How different is it from all the public disruption and attention consumed by, say, U2′s super-hyped Rose Bowl show? Here’s Bob Lefsetz on that:

The U2 tour opened across the pond, and has been slowly working its way west across America. Tonight it lands in Pasadena, California. And if you think the most important story in the Los Angeles Basin is the proposed football stadium, or gang warfare, or anything with substance, you’d be wrong. Because the entire mainstream media has been hoodwinked by Paul McGuinness and Live Nation. The biggest story in L.A. this weekend is the U2 concert.

Fewer than 100,000 of the nearly 13 million residents will attend, but the hype would have you believe that every resident is focused, that U2’s show is akin to last fall’s Presidential election.

And even more ridiculously,

… the story is not the music… The story is the STAGE!

Then you had to know this was coming –

It’s almost balloon-boy redux.  Hell, like little Falcon said, THEY’RE DOING IT FOR THE SHOW!

And I’m afraid the more time and energy we spend on attention and persuasion the less we have for meaningful public dialog. We’re conditioning ourselves to be comfortable with a cacophony that makes genuine conversation difficult.

If you’ve read this far I’d wager you’re not entirely sold on that culture either. I’d also guess (if I may digress) you’re the kind of person who complains that music is too loud in many bars — too loud to really talk to anyone. Bar and club owners know that people tend to drink more when the music is loud.

Similarly, many readers will be well aware that when you’re designing a website or developing a social media strategy, there are certain practices and features that generate more unique visitors & pageviews — and, like turning the music up, these standard practices do not correlate with quality & substance, and are often antithetical.

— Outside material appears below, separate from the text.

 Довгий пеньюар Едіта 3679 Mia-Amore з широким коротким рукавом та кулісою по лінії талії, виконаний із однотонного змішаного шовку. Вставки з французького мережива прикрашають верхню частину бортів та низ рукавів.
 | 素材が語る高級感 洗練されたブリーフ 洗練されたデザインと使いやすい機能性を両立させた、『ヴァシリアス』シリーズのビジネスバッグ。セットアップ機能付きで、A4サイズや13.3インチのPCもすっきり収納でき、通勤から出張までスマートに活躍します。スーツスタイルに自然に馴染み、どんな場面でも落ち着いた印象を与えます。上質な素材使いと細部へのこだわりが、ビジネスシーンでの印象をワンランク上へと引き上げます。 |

For example, you won’t likely see blogging tips like this:

  • consider all sides of an argument and work out a balanced & objective position; the ideal is to articulate a position that nobody can disagree with
  • the world is complex, so sometimes our ideas will be too; don’t be afraid to write a series of 2000-word posts with lots of scholarly citations if necessary
  • you don’t have to be consistent: if you don’t have anything to write for a week (or a month) then maybe you can use the extra time to fix things around the house or enjoy the company of family and friends
  • also, sometimes you might need a week or even a month for big, fast-breaking events to sink in: take however long it takes to write something rational, informed, and original
  • make content and subscriptions visible but don’t actively promote yourself; this way your statistics will accurately reflect whether people naturally recognize value in your work

You get the idea.

That approach would likely be better for society as a whole, but it has proven to be miserably unsuccessful on a micro level.

But this medium is still young, the technology is still developing and previously unexplored practices are emerging with those.

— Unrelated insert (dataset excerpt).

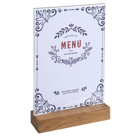 Ideálny na vystavenie fotografií, informácií, jedálnych lístkov či ponúk na stole. -vyrobený z kvalitného akrylu  zvislá (stojatá) orientácia -priehľadný -podstavec z dreva -obojstranný -rozmery: 150 x 50 x 240 mm -odolný voči UV žiareniu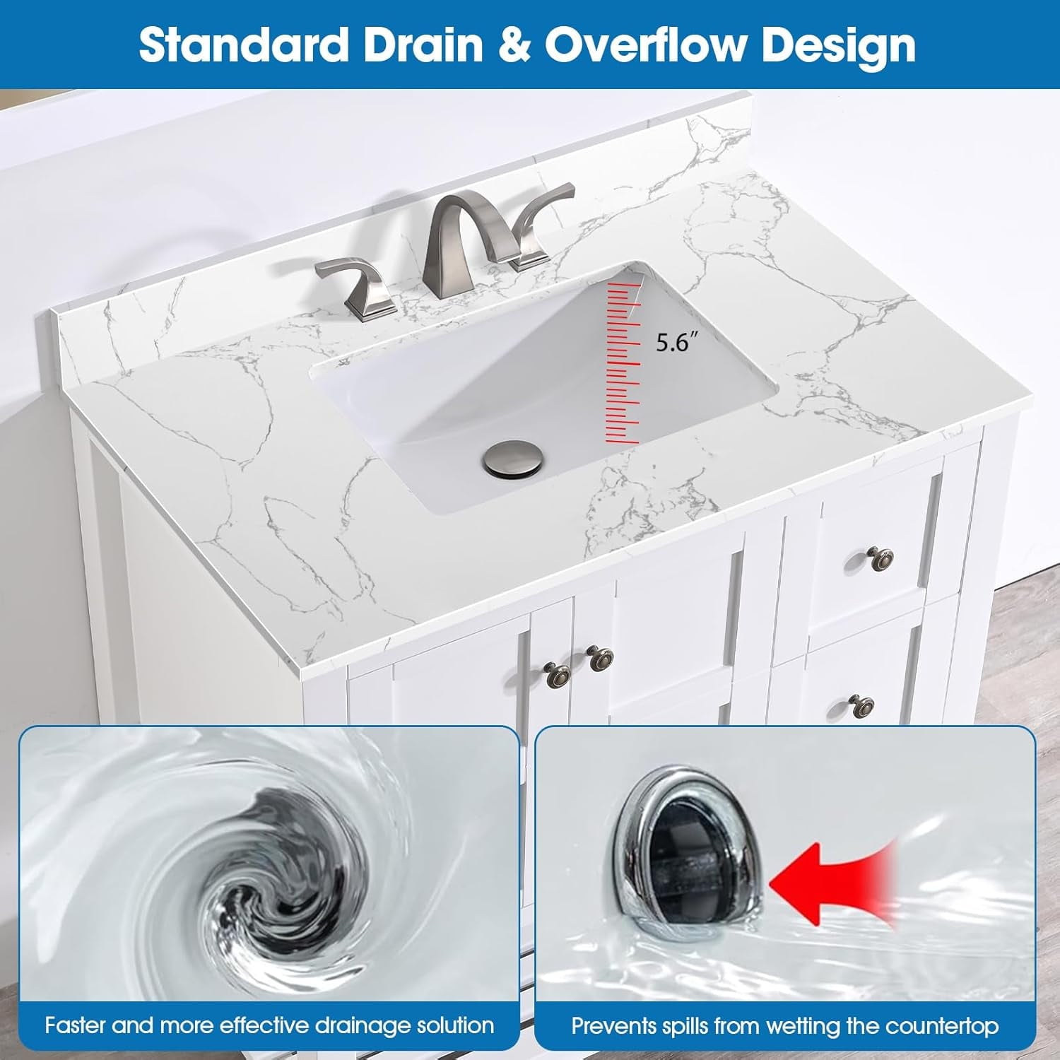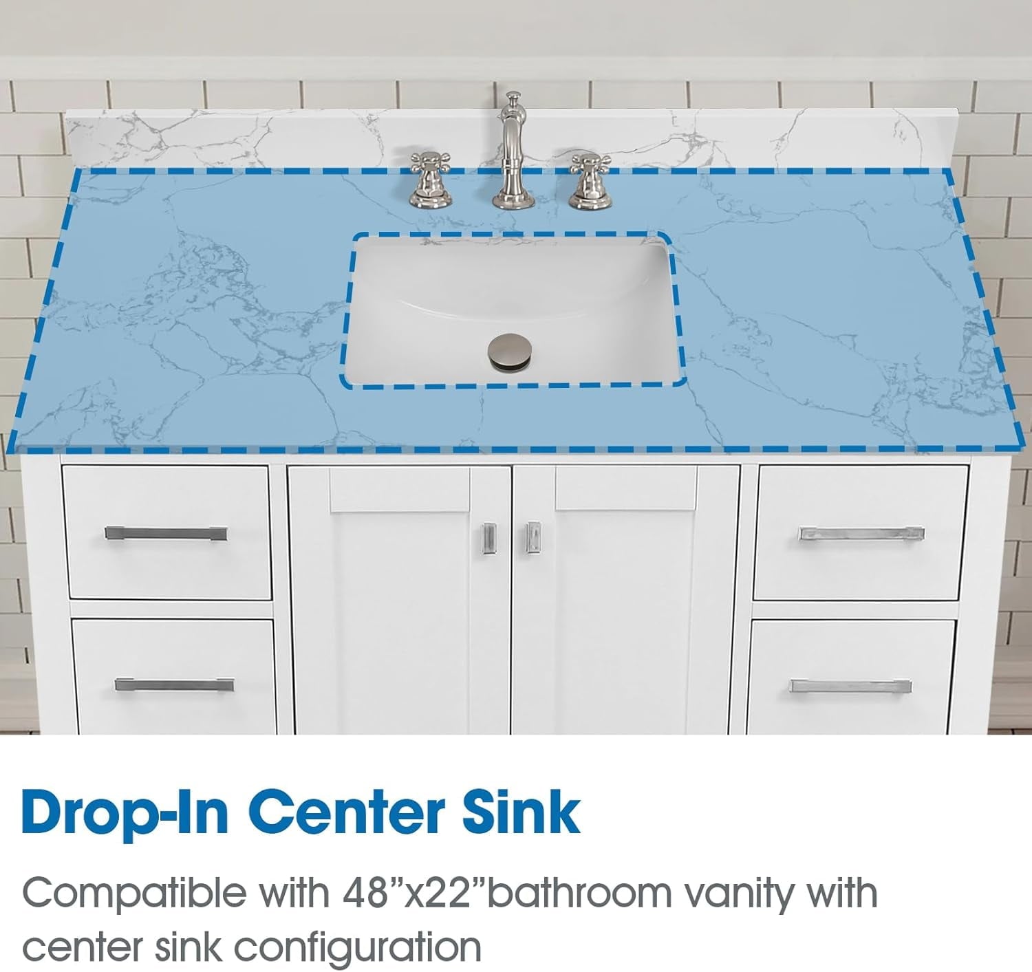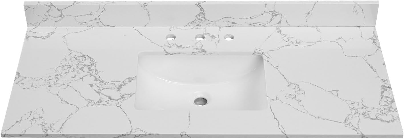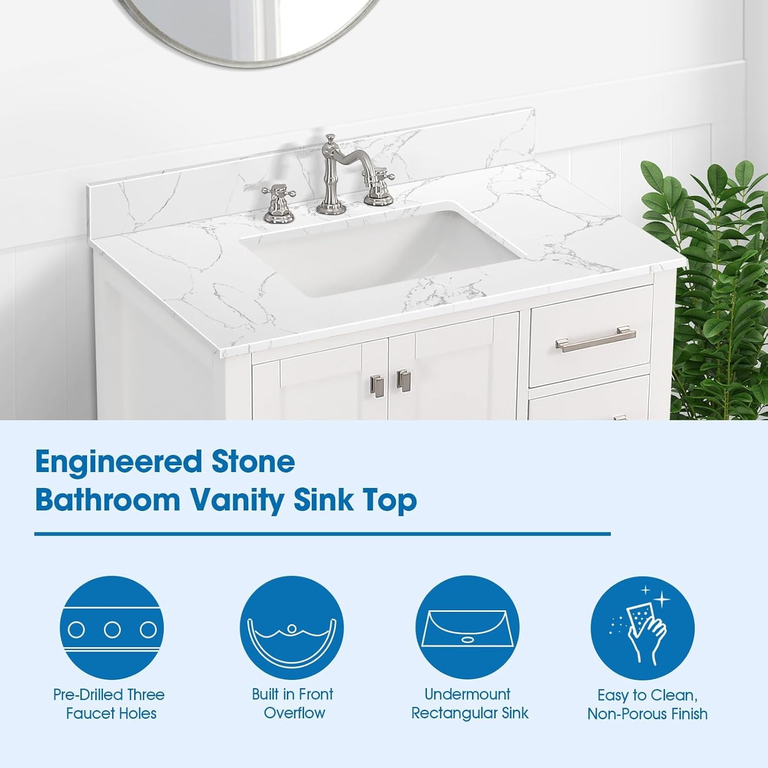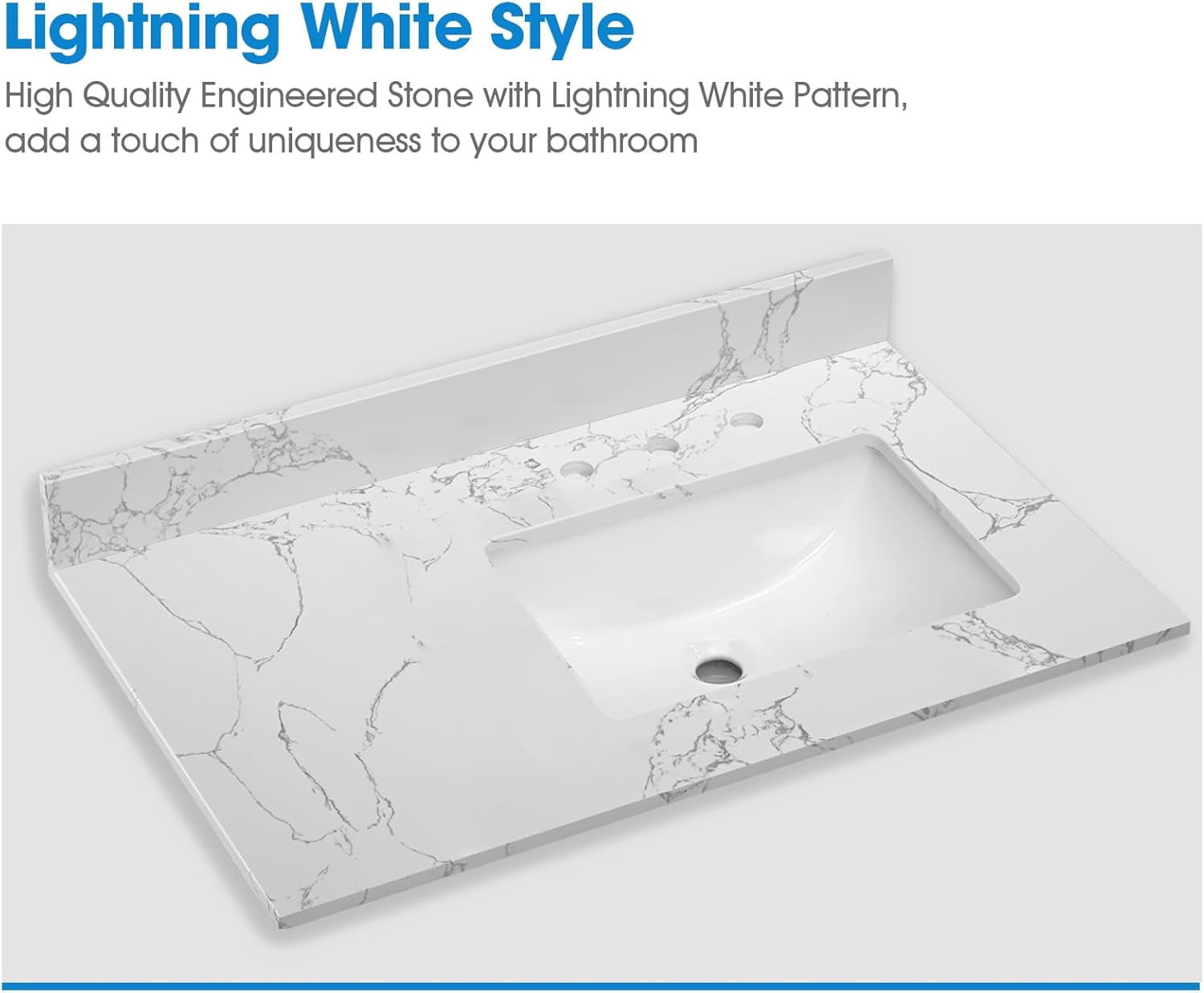 - Universal Fit: Designed for standard 36″ W x 21″ D vanity cabinets, this 36″ x 22″ countertop features a 3/4″ thick surface and a 4″ backsplash for a seamless, built-in look.Luxurious & Durable: Made from high-quality engineered stone, this vanity top combines the elegance of marble with superior strength. Waterproof, scratch-resistant, and easy to maintain for long-lasting beauty.Spill Protection: The built-in 4″ backsplash and overflow sink hole help contain water splashes, keeping your bathroom cleaner and drier.Easy Installation: Pre-drilled for an 8″ widespread faucet and includes a pre-installed rectangular undermount ceramic sink (left-side placement) for a quick, hassle-free upgrade.Ready to Install: Includes the vanity top, ceramic sink, and 4″ backsplash. Ships in damage-resistant packaging for secure delivery.

Paradoxically, we can use the web to escalate the quantity of verbiage, but we can also use it to elevate the quality of dialog… via the capacity to build dynamic & robust networks — of information and of people we trust, across many diverse domains.

The hardcore Luddites and old-school press protectionists don’t recognize this opportunity though. They only see the bad.

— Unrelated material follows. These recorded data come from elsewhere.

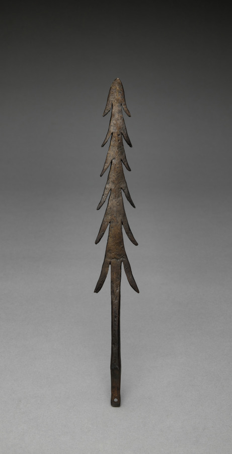 This forged iron spearhead features a long central blade and multiple paired barbs tapering in a tree-like silhouette. Its stepped barbed form aligns with spears documented in Eastern Lepanto and Northern Nueva Vizcaya.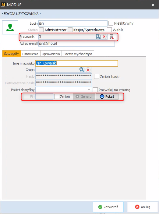 - Otwórz kartotekę użytkownika, którego chcesz skonfigurować. Wprowadź wymagane dane użytkownika, takie jak login, status (np. Administrator, Kasjer/Sprzedawca) oraz adres e-mail.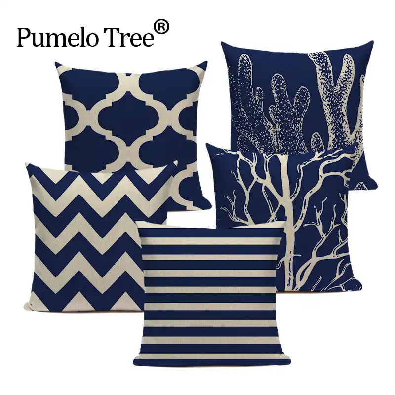 Coastal Pillow Cover Navy Blue Coral Pillow Beach Decorative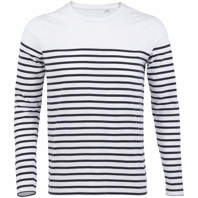 Кроеная мужская футболка с длинными рукавами из 100% гребенного хлопка.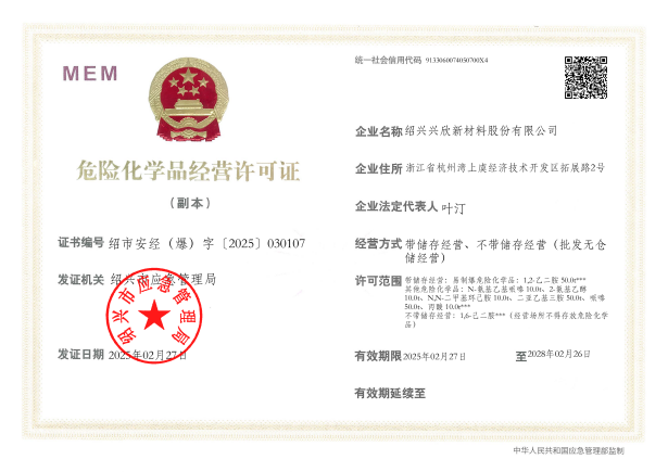 紹興興欣新材料股份有限公司成立于2002年06月27日,占地面積122畝,位于杭州灣上虞經(jīng)濟(jì)技術(shù)開發(fā)區(qū)拓展路2號(hào),現(xiàn)有職工200余人,專業(yè)技術(shù)人員50余人;博士、碩士研究生30余人組成的一支知識(shí)型、專業(yè)化的技術(shù)科研團(tuán)隊(duì)。公司面向全球市場,專業(yè)開發(fā)電子化學(xué)品、環(huán)保化學(xué)品、醫(yī)藥中間體、高分子材料等先進(jìn)新材料重點(diǎn)領(lǐng)域的省級(jí)科技型企業(yè);建有浙江上虞、安徽東至兩個(gè)生產(chǎn)基地。目前為“國家高新技術(shù)企業(yè)”、浙江省“隱形冠軍”企業(yè)、浙江省專精特新中小企業(yè);建有“省級(jí)”研究開發(fā)中心,共建天津大學(xué)浙江紹興研究院電子化學(xué)品研發(fā)中心。

So part of our responsibility is to show them…

It isn’t enough just to show them the good that has already been done. The web is still evolving and the best stuff hasn’t even happened yet. We have a responsibility to make it better — not just better than it is now, but a better medium for discourse and deliberation than any society has had before.

Just think, could this conversation have occurred at any other time in history?

If we don’t use our comparative advantage, it’s reasonable to assume we’ll lose it.